Se si ha davvero a cuore il benessere, l’autonomia e l’emancipazione di queste donne, si dovrebbe mettere a tema e criticare non la maternità surrogata in quanto tale, ma piuttosto le condizioni sociali ed economiche che la rendono una scelta economicamente e socialmente più vantaggiosa di altre o che la rendono una scelta di sopravvivenza obbligata. Magari a partire da una critica feroce del neoliberismo e neo-colonialismo che rappresentano il cuore oscuro di quel Partito Democratico al quale diverse delle promotrici dell’appello appartengono. Anziché impartire lezioni alle donne del sud del mondo su cosa siano in grado di decidere o meno, o su cosa debba rappresentare per loro l’esperienza della gravidanza, le promotrici dell’appello avrebbero fatto meglio a scagliarsi contro le politiche neocoloniali e liberiste di quelle stesse istituzioni europee a cui invece si rivolgono. Sarebbe stato certamente un atto di solidarietà più rilevante che proporre un bando che, nei fatti, non avrebbe come conseguenza alcun miglioramento della situazione. Come nel caso del sex work, infatti, il proibizionismo serve solo alla proliferazione degli abusi e dell’assenza di diritti. Se si vuole che gli Stati intervengano a legiferare, sarebbe decisamente più razionale mettere a tema – come decine di giuriste e giuristi stanno facendo a livello internazionale – la questione di una legislazione transnazionale che regolamenti le procedure e assicuri alle donne coinvolte servizi e diritti essenziali al loro benessere, alla loro sicurezza e alla loro autonomia decisionale.

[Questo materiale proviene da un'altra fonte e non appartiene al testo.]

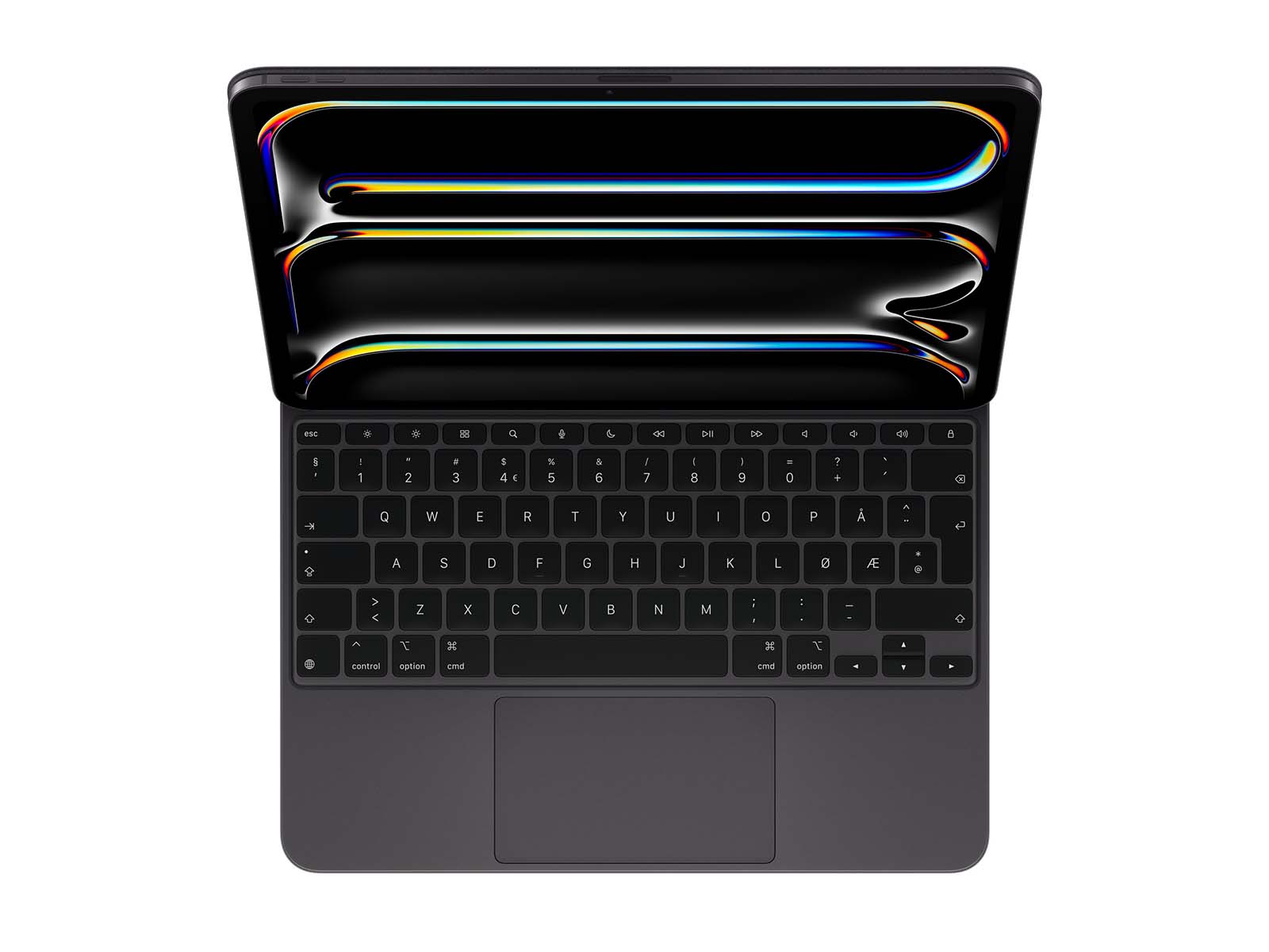 Magic Keyboard til iPad Pro har et slankt og bærbart nyt design med håndleds­støtte i aluminium. Det giver dig en fantastisk skrive­oplevelse og et hav af muligheder med pegefeltet. Tastaturet har en række med 14 funktions­taster, så du hurtigt kan få adgang til funktioner som skærmens lysstyrke, lydstyrke­knapperne og andre funktioner, samt et USB‑C-stik til pass‑through-opladning. Tastaturets svævende design gør, at du let kan justere iPad Pro i forskellige synsvinkler.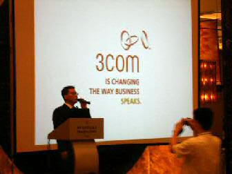 。。2005年8月24日,3Com NBX語音通訊產品推廣會于北京香格里拉大酒店成功舉辦。圖為3Com中國地區(qū)高級市場經理朱海翔闡述3Com產品與市場(點擊察看大圖)

L’eurocentrismo dell’appello appare del tutto evidente in uno dei peggiori scivoloni del testo: «Oggi, per la prima volta nella storia, la maternità incontra la libertà. Si può scegliere di essere o non essere madri». Davvero? E dove, precisamente? L’Europa occidentale a quanto pare rimane il centro e lo specchio del mondo. Sorge, quindi, il sospetto che questa sincera preoccupazione per le donne del sud del mondo sia poco più che una scusa. D’altronde, SeNonOraQuando–Libere non ha certo brillato negli anni passati per aver messo in discussione il carattere eurocentrico del femminismo liberale italiano. Né mi risulta esserci stato un significativo intervento in difesa dei diritti delle 8-900.000 donne migranti che lavorano in Italia come badanti, in molti casi in condizioni di semi-servitù. Dove sono gli appelli di SeNonOraQuando–Libere in nome del diritto alla maternità di queste donne? Dove sono le condanne di un sistema inumano di regolamentazione dei fenomeni migratori che comporta la costante separazione di queste donne dai loro figli? Dove sono le feroci critiche di un sistema di sfruttamento che lascia queste donne in balia di un mercato del lavoro che le vuole sempre disponibili? Non dovrebbe essere piuttosto questa una delle priorità del femminismo italiano, oggi?